Set up your Redis database that we will use for a Vector Database using Azure Cache [Azure Cache with Redis](https://learn.microsoft.com/en-us/azure/azure-cache-for-redis/quickstart-create-redis-enterprise)

1. On the Advanced page, select the Modules drop-down and select RediSearch. This will create your cache with the RediSearch module installed. You can also install the other modules if you’d like. 
2. In the Zone redundancy section, select Zone redundant (recommended). This will give your cache even greater availability.  
3. In the Non-TLS access only section select Enable. 
4. For Clustering Policy, select Enterprise. RediSearch is only supported using the Enterprise cluster policy.  
5. Select Review + create and finish creating your cache instance. 
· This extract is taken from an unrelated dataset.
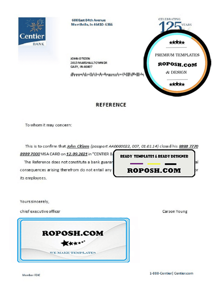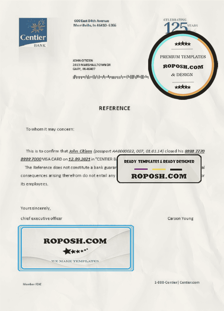 USA Centier Bank bank account closure reference letter template in Word and PDF format offer high-quality customizable bank reference form template in PSD and Word format, allowing you to easily fill in your personal details and make them look authentic. Our templates are perfect for online account verification, research, presentation, or work.

- Install Python libraries using `pip install -r requirements.txt`
- Enter your Redis environment variables for REDIS_HOST, REDIS_PORT, REDIS_PASSWORD in example.env
- Enter your openAI environment variables in example.env

In [None]:
import json
import requests
import numpy as np
import pandas as pd
import openai
from dotenv import dotenv_values
from redis import Redis
from redis.commands.search.field import VectorField, TextField, TagField
from redis.commands.search.query import Query
from redis.commands.search.result import Result

### Load environment variables and keys

In [None]:
# specify the name of the .env file name 
env_name = "example.env"
config = dotenv_values(env_name)

redis_host = config['REDIS_HOST']
redis_port = config['REDIS_PORT']
redis_passwd = config['REDIS_PASSWORD']

openai_api_key = config['openai_api_key']
openai_api_base = config['openai_api_base']
openai_api_version = config['openai_api_version']
openai_deployment_embedding = config['openai_deployment_embedding']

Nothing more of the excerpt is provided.